PROBLEM TO SOLVE
Nothing is needed except the lines below that run from the one with "Блок питания DEEPCOOL" through the one with "MUDr. Schreinerová neordinuje", repeated exactly.

GIVEN INFORMATION
════════

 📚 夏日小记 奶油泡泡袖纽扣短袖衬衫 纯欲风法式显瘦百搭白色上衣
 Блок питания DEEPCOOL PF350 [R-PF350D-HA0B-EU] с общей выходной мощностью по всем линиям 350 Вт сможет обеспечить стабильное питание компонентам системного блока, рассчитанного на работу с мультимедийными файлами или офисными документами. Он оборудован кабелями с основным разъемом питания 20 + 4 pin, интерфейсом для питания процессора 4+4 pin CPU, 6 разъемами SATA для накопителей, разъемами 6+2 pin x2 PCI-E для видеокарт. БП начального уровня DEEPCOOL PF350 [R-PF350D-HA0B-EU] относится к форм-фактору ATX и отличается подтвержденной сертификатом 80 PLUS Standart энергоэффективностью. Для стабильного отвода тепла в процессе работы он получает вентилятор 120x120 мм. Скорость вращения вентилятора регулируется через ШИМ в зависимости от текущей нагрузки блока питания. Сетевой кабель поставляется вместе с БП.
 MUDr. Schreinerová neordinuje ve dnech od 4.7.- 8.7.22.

════════

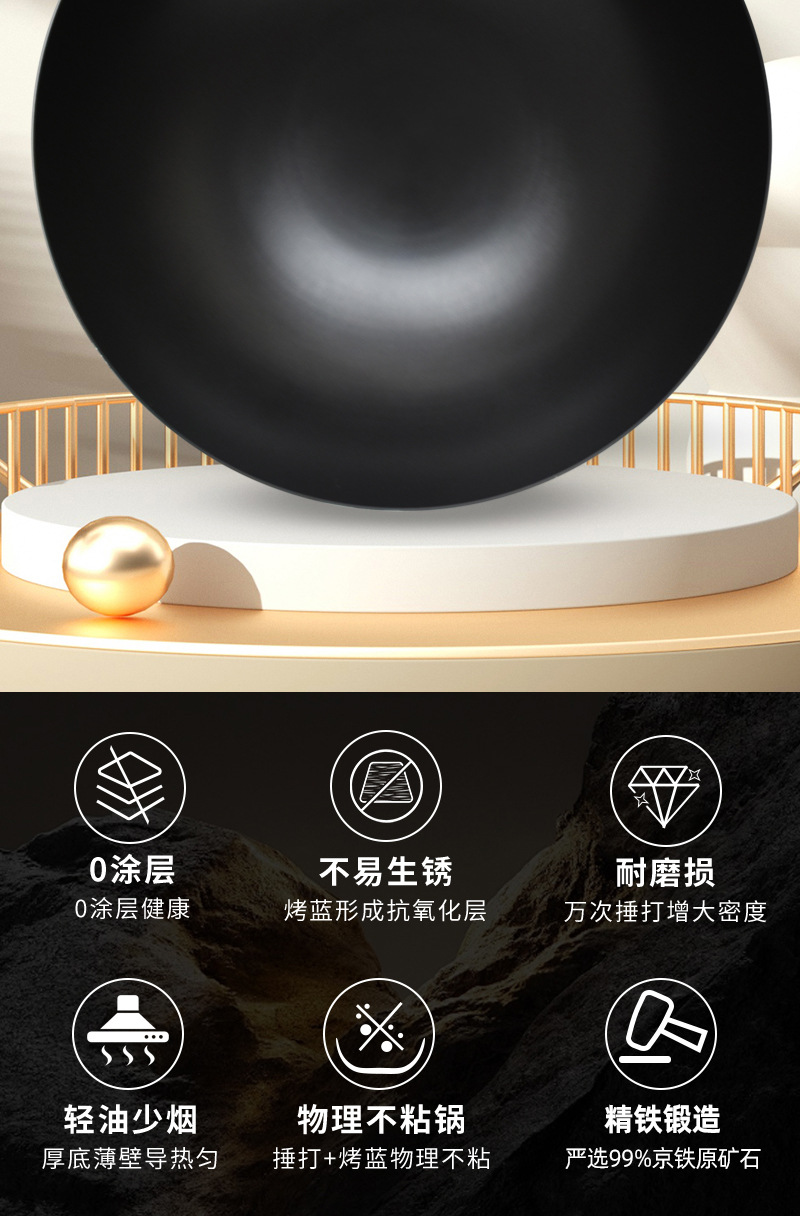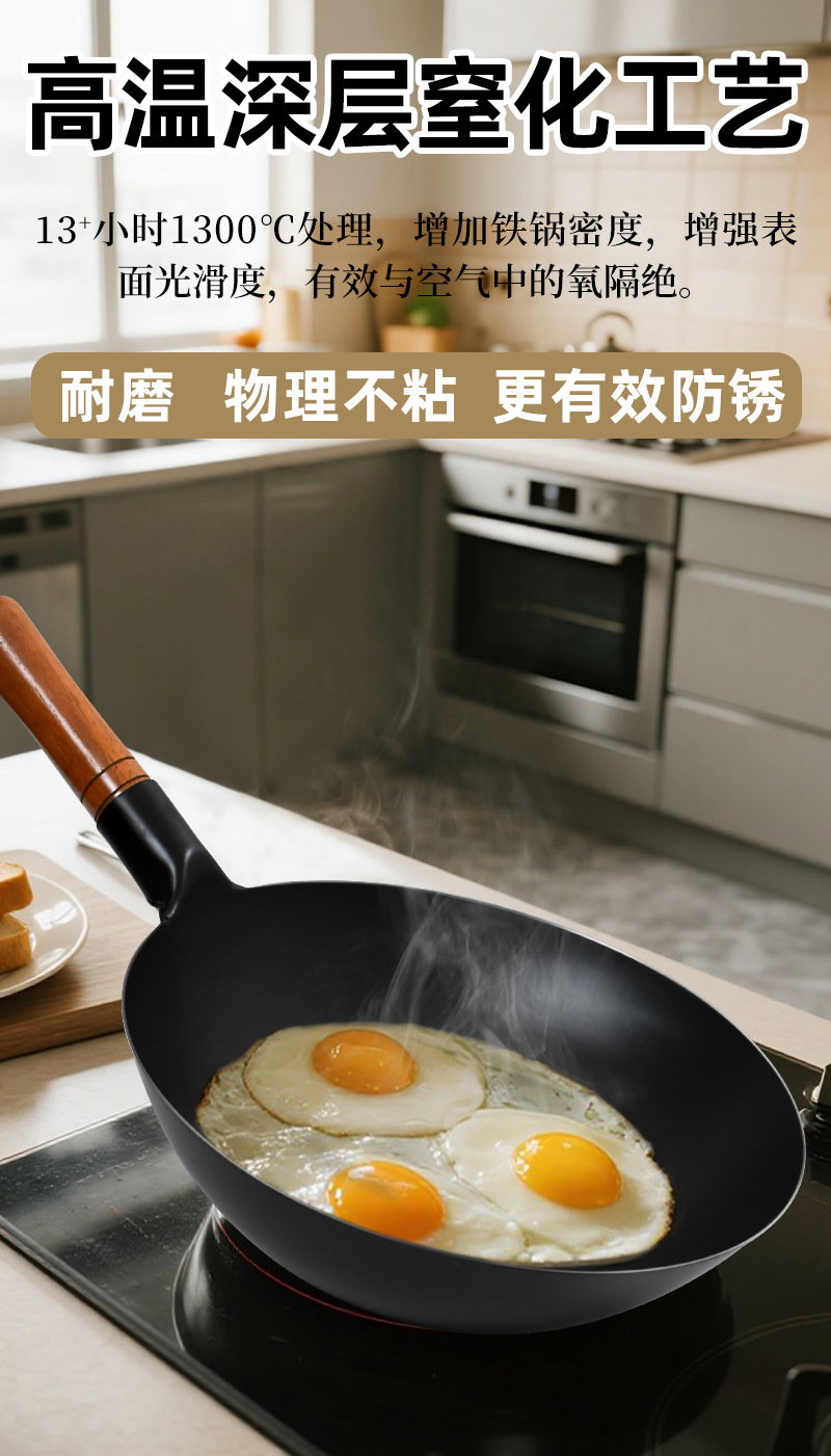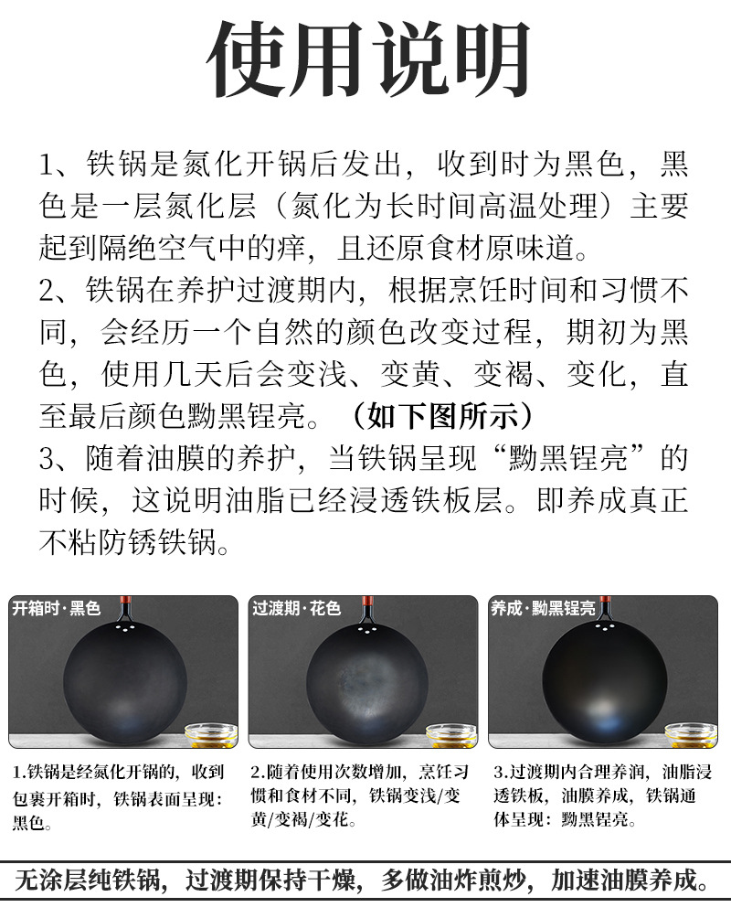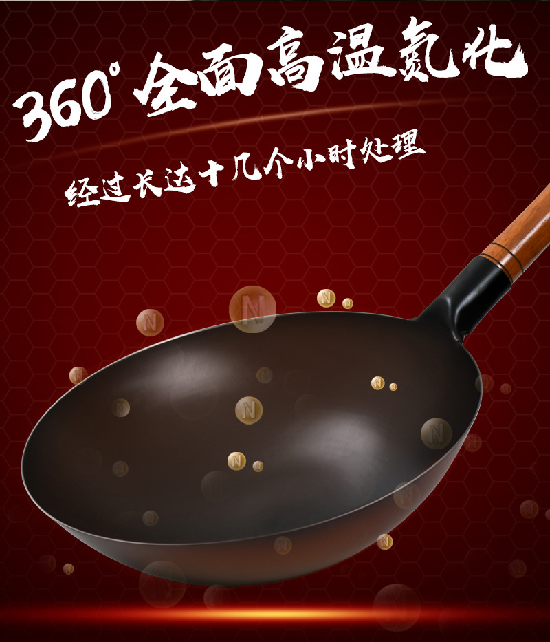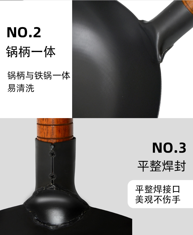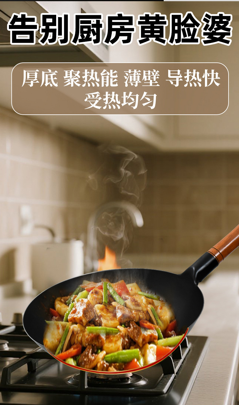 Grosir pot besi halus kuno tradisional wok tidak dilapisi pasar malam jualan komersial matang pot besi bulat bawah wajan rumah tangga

════════

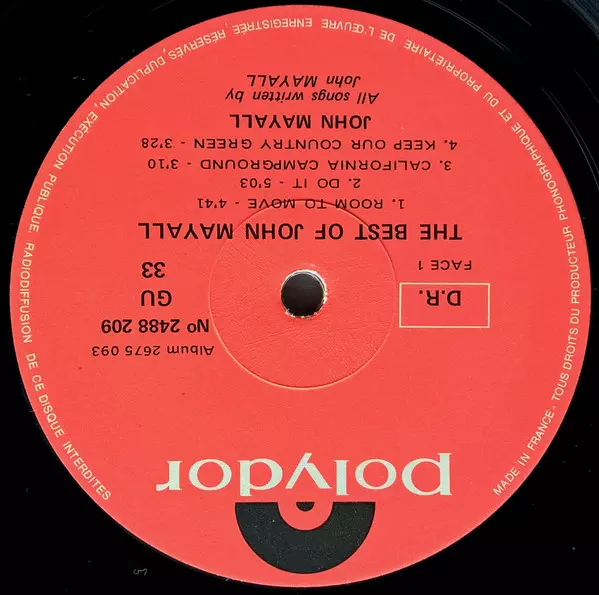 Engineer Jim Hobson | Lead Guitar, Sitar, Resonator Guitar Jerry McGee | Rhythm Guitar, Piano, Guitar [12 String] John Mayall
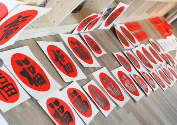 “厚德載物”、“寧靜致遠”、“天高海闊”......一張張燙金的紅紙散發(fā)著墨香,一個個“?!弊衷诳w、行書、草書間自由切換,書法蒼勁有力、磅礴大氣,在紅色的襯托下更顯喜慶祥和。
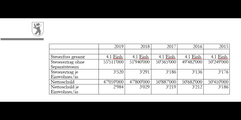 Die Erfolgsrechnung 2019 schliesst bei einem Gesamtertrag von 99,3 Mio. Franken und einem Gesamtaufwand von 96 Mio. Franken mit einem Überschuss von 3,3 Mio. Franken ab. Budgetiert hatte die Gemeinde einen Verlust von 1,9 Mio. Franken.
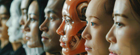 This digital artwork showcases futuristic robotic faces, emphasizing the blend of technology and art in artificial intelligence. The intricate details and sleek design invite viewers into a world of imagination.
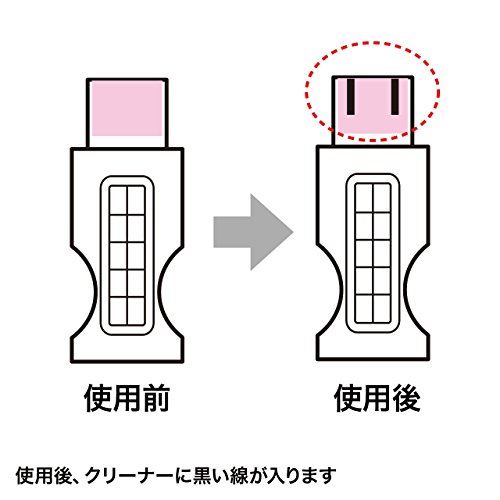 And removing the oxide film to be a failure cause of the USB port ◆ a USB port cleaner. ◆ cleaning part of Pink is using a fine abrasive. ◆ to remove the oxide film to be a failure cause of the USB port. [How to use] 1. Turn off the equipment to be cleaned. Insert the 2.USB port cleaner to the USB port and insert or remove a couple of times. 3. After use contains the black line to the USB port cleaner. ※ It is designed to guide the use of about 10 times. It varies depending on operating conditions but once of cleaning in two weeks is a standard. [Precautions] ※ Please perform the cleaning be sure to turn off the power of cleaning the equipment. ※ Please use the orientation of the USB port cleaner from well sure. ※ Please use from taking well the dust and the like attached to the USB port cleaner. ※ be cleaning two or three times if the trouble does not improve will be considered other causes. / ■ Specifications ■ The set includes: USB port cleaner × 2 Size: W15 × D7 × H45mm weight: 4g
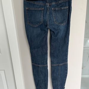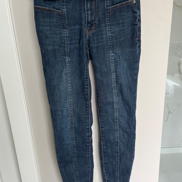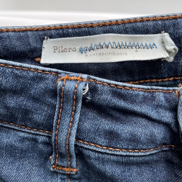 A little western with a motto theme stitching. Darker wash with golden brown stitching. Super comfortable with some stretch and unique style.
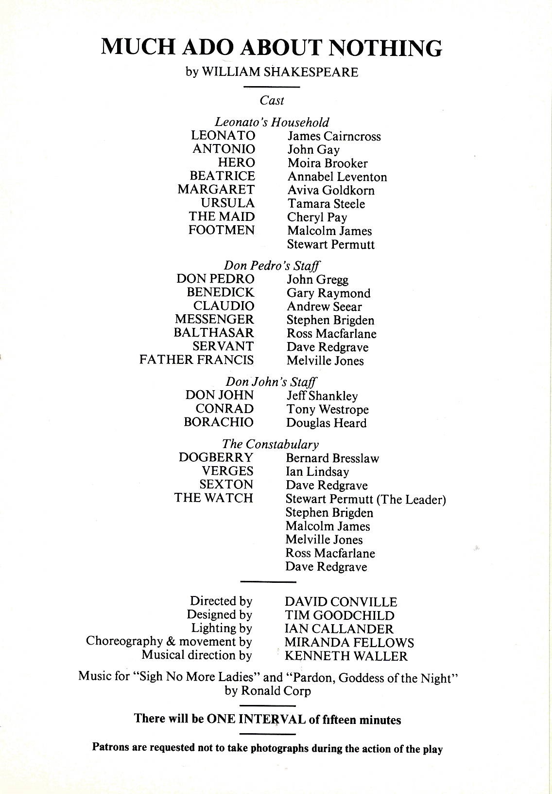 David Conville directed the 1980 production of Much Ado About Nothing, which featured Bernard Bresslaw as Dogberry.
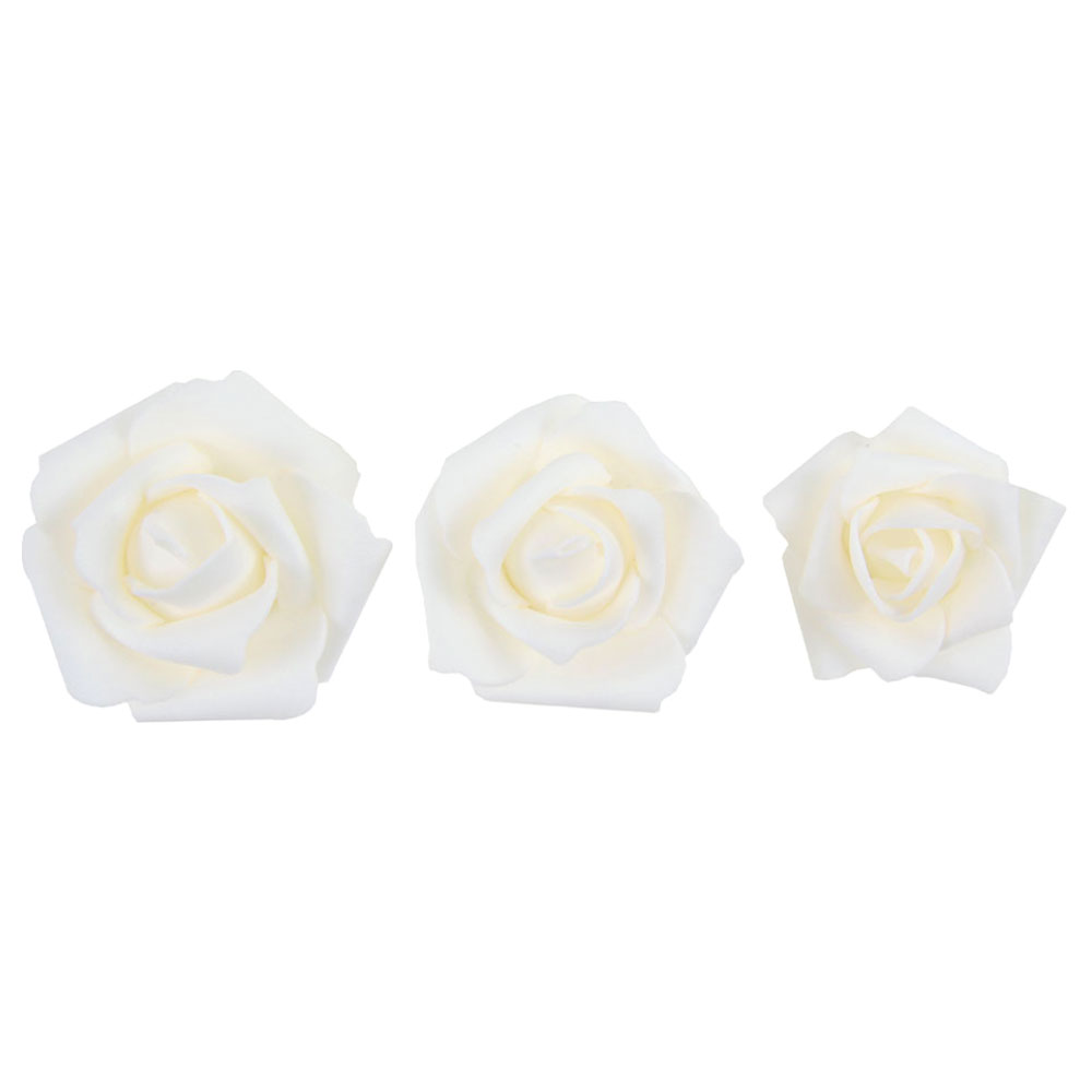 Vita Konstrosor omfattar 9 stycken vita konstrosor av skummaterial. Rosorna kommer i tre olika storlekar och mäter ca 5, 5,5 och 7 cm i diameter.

════════

SOLUTION FOR THIS PROBLEM
 Блок питания DEEPCOOL PF350 [R-PF350D-HA0B-EU] с общей выходной мощностью по всем линиям 350 Вт сможет обеспечить стабильное питание компонентам системного блока, рассчитанного на работу с мультимедийными файлами или офисными документами. Он оборудован кабелями с основным разъемом питания 20 + 4 pin, интерфейсом для питания процессора 4+4 pin CPU, 6 разъемами SATA для накопителей, разъемами 6+2 pin x2 PCI-E для видеокарт. БП начального уровня DEEPCOOL PF350 [R-PF350D-HA0B-EU] относится к форм-фактору ATX и отличается подтвержденной сертификатом 80 PLUS Standart энергоэффективностью. Для стабильного отвода тепла в процессе работы он получает вентилятор 120x120 мм. Скорость вращения вентилятора регулируется через ШИМ в зависимости от текущей нагрузки блока питания. Сетевой кабель поставляется вместе с БП.
 MUDr. Schreinerová neordinuje ve dnech od 4.7.- 8.7.22.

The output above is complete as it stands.